Update – 11 July 2013

Saskatchewan announced (July) its version of an equity crowdfunding to enable companies to raise small amounts – up to $100K with a maximum of $1,000 per investor. Click [here] for details. Now, we’re getting closer to selling lottery tickets!

In December, 2012, it appeared that some regulators in Canada – notably in New Brunswick [click here] and Alberta [click here] are following some of the recommendations made herein. They are willing to remove the main barrier – the requirement for audited financial statements – but they’ve added an unrelated barrier: limit the amount per investor to $2,000. They also limit the total per company to $500,000 which is OK, but that means bringing in more than 250 investors – that makes no sense.  Why? They should read the rest of this article!

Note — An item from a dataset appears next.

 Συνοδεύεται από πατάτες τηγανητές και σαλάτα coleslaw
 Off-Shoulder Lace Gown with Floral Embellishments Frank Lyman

Note: In B.C., Crowdfunding has existed for a long time. The Offering Memorandum exemption has been available for over 10 years – with NO restrictions (if audited statements are used) – the ONLY jurisdiction in North America that allows this. Yet, it is rarely used by entrepreneurs. Why? It’s largely because they don’t know about it and/or don’t understand it. They think that they will become “public” and have to report. That’s not true. They also think it’s very expensive. That’s also not quite true because a startup can get audited statements for around $2K. Other than that, it’s just the time and effort to write one – but it’s worth it and such a document is required by smart investors anyway!

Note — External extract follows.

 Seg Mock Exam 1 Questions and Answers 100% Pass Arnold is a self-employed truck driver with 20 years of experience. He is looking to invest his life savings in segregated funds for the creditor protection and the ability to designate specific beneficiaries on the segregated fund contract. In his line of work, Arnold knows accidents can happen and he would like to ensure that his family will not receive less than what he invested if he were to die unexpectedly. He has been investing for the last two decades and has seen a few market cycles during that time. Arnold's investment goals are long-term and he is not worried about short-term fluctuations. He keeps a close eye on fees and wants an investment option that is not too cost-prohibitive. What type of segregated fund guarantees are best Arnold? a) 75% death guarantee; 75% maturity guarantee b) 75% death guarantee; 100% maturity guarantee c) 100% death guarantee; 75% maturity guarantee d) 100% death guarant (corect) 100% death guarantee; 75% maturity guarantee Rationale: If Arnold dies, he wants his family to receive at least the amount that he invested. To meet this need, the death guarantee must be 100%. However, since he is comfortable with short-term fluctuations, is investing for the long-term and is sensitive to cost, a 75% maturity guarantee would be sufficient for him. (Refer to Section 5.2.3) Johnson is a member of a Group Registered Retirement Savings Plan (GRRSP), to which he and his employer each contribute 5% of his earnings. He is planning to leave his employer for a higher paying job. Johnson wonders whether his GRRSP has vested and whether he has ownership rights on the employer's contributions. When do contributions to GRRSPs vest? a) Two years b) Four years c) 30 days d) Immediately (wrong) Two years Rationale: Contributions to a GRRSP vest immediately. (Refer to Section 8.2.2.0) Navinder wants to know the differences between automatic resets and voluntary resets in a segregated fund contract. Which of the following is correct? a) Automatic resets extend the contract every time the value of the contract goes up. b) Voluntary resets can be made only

Early in January,  regulators appear to want to tighten up on some of the exemptions relating to the sale of shares according to a recent Vancouver Sun Article. This appears to run contary to crowdfunding intentions. It appears that the issue that regulators are wrestling with is who can sell shares (e.g. use of agents and their qualifications). The B.C. Securities Commission published BC Notice 2013/01. Similarly, the Ontario Securities Commission addresses this in its OSC Staff Notice 33-738. The B.C. Commission is looking for comment by Feb 4, 2013. If you don’t like it, comment!

On the positive side, the OSC issued (Jan 14) its Consultation Paper 45-710 to consider new capital raising exemptions (presumably crowdfunding).

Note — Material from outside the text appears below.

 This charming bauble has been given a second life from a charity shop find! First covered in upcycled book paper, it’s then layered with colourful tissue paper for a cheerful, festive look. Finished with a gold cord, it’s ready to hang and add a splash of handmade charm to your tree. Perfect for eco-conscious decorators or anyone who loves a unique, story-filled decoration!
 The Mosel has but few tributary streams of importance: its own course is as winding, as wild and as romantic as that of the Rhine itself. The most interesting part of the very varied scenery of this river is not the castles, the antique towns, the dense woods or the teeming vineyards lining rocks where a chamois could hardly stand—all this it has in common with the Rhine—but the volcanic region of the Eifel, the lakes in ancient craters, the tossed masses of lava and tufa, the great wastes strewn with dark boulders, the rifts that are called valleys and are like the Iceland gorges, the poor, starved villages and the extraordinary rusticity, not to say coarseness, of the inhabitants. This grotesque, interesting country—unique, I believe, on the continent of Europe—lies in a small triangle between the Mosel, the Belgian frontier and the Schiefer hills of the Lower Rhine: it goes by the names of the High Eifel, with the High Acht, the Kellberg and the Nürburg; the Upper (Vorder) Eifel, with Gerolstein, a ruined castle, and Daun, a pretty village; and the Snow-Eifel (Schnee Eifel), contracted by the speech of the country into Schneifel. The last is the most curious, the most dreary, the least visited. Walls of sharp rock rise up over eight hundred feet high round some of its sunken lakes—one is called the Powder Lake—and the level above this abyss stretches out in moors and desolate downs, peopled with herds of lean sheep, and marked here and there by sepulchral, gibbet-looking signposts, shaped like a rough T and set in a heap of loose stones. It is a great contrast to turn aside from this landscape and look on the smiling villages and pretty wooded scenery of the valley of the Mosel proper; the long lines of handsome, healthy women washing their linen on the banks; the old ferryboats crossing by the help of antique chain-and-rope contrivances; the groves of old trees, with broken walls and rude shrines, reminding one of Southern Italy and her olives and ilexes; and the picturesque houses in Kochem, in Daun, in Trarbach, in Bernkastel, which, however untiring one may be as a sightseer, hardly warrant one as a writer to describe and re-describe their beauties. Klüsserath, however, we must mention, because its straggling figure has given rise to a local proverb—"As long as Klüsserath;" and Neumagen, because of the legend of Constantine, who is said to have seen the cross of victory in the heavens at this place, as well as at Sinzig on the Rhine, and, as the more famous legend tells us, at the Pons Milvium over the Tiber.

In March, 2013, CATA, the Canadian Advanced Technology Association, prepared a thorough response to the OSC after consultations with many stakeholders. That letter can be found [here.]

Background Inforation

In Canada, and similarly in the U.S., entrepreneurs are only allowed to sell shares in their companies to relatives, close friends or millionaires (referred to as accredited investors) unless they use a full-blown “Prospectus”. Presently, in some provinces (notably B.C. and notably not so in Ontario), companies can raise capital from any resident by using what is referred to as the “Offering Memorandum Exemption”, i.e. an exemption from the requirement to produce a Prospectus. The Offering Memorandum is a document (referred to as Form 45-106F2, available on the BCSC website).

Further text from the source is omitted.